Todos estes referidos poetas encontram-se envolvidos na corrente literária do
Surrealismo, o próprio Sá-Carneiro é considerado pelos críticos como um percursor do
Surrealismo português, o que significa que são sustentados pelo passado, na medida em
que essa corrente literária é sustentada pelo passado arcaico para ser projectado para o
futuro sem a necessidade de se recorrer ao presente. O encontro e o confronto entre elas
garantem igualmente a contemporaneidade das suas obras e delas próprias.

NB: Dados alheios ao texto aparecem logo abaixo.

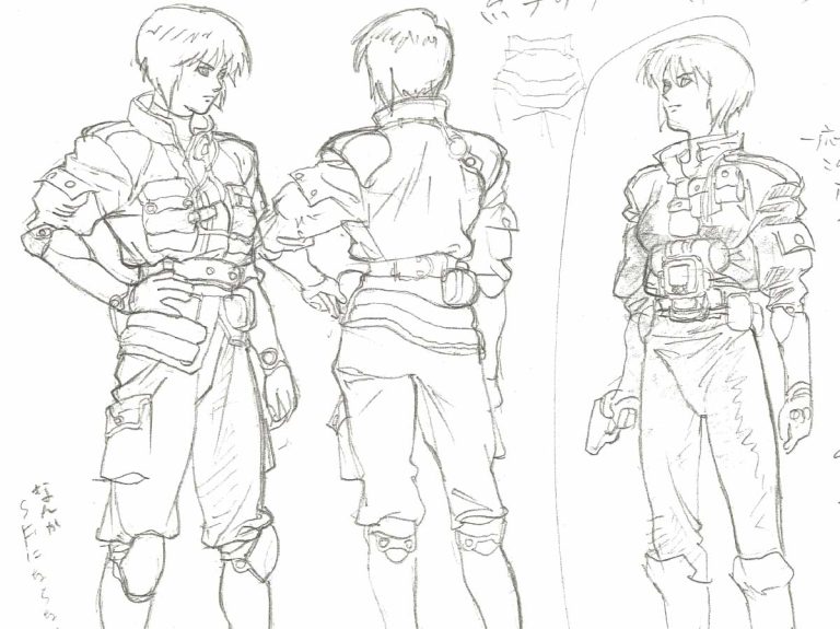 『GHOST IN THE SHELL/攻殼機動隊』中素子的設定資料。由於導演押井守堅持追求角色操作槍械時的寫實感,因此與原著中的素子相比,這版的頸部與腰圍較粗、肩膀更寬,並描繪出了筋骨強健的骨骼構造。這種設計讓人更強烈地感受到「賽博格」這個設定的真實感。觀者可以透過比較各作品中素子的髮型、體格、表情及服裝等異同,進一步去體會每位導演在作品中所寄託的情感與意圖。
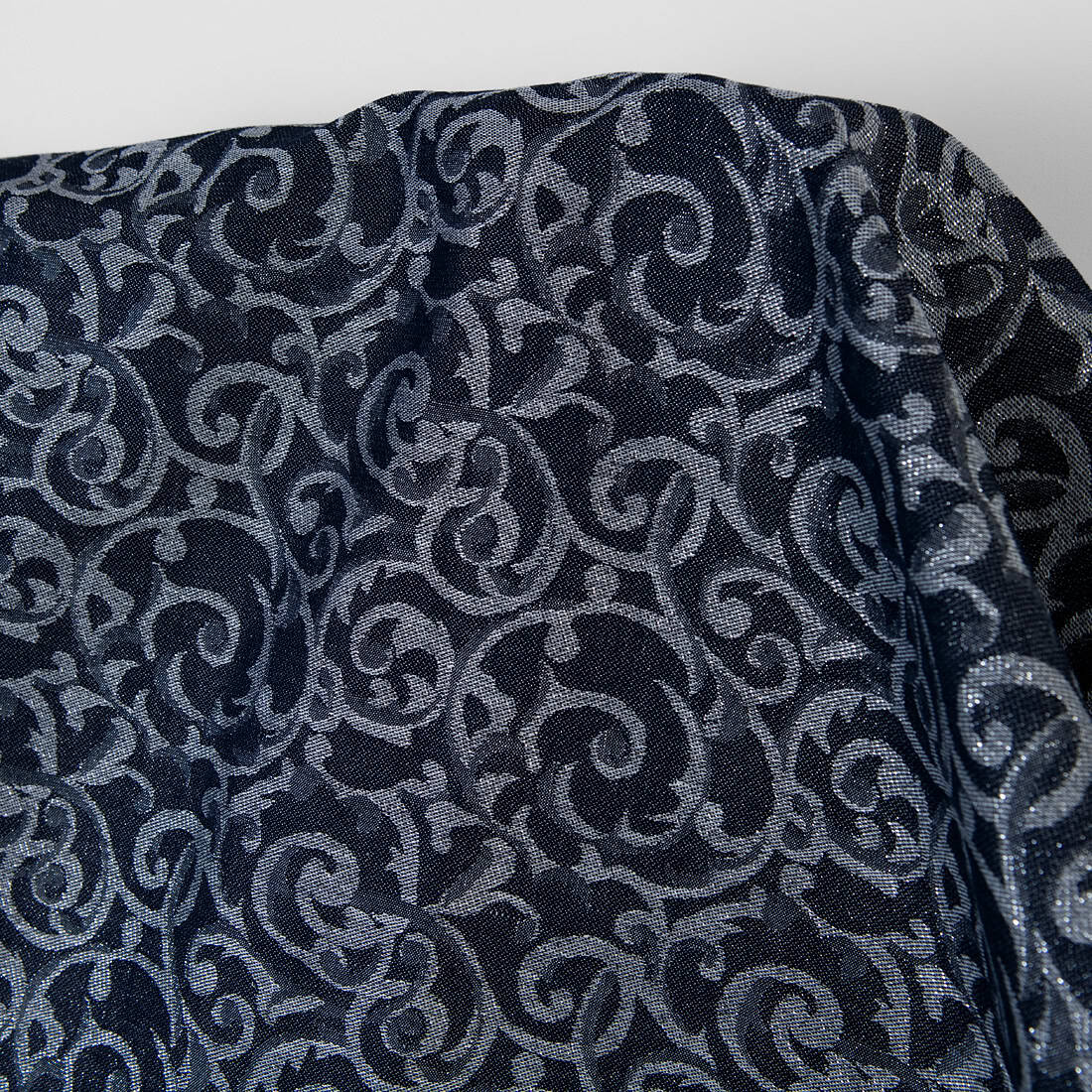 • Puslininis žakardinis tamsiai melynas blizgantis audinys, žakardinis
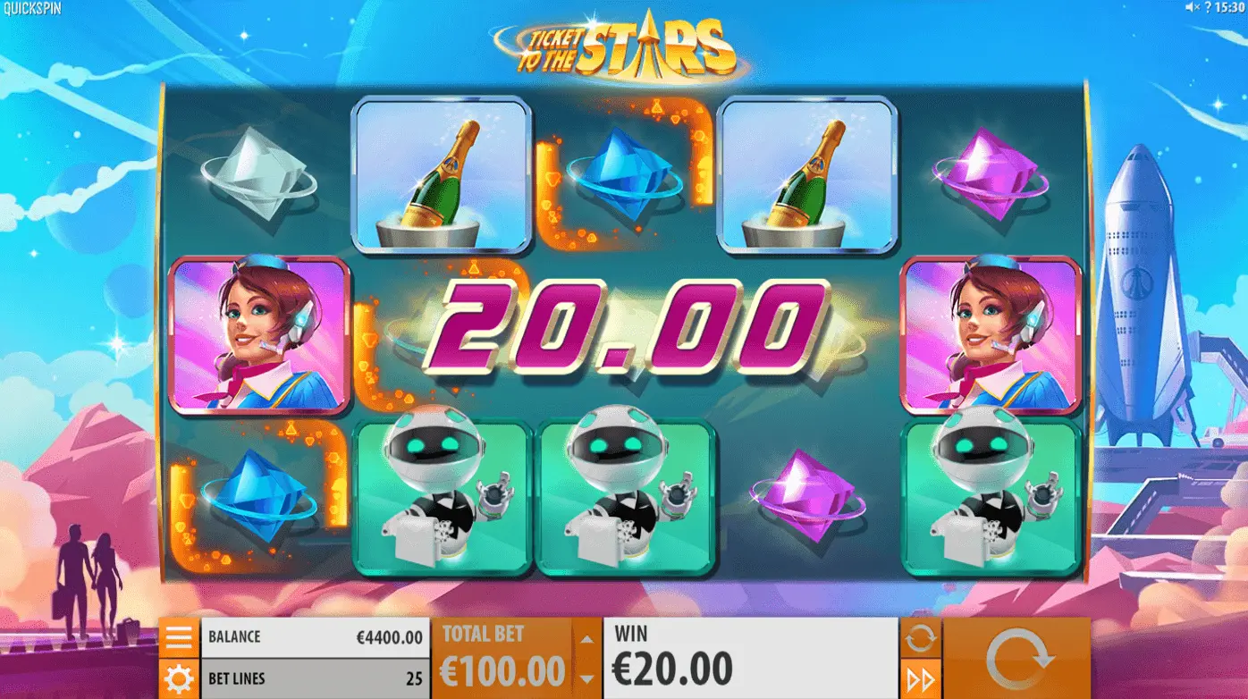 It would be a crime not to talk about Quickspin in this Ticket To The Stars slot review 2026. Mentioned casino games developer produces classy real money play online slots. Hence, in case you search for Ticket casino to play – check for logo at the footer of casino site.

A
intertextualidade que o poema Comigo me desavim, em particular, proporciona às
gerações posteriores continuando dessa forma fonte viva para a reinscrição, permite a
contemporaneidade do poema.
José Régio, pseudónimo de José Maria dos Reis Pereira (1901-1969) foi outro
escritor que apresentou na sua obra relações inter-discursivas com os poetas da geração
de Orpheu. A sua admiração pelos poetas órficos, nomeadamente Mário de Sá-Carneiro,
levou-o a escrever uma peça de homenagem a Sá-Carneiro intitulada por Mário ou Eu
Próprio – o Outro, no livro Três peças em um acto em 1957. Esta peça teatral, que é
como uma continuidade da novela carneiriana Eu – próprio o Outro do livro Céu em
fogo, o autor presencista reflexiona sobre um dos temas nucleares da obra carneiriana,
ou seja, a presença do duplo que percorre toda a obra de Sá-Carneiro. Temos uma
personagem fictícia Mário, um poeta na iminência de se suicidar, que num momento de
angústia e solidão é surpreendido pela figura do Outro, personagem com quem
estabelece um diálogo conflituoso que se mantém ao longo de toda a peça. Esta figura
do Outro acaba por se manifestar como sendo o alter-ego de Mário e mostra-lhe que o
que faz dele um génio é a essência criativa que faz parte integrante do seu próprio
íntimo superando assim todas as limitações físicas que tanto incomodam Mário.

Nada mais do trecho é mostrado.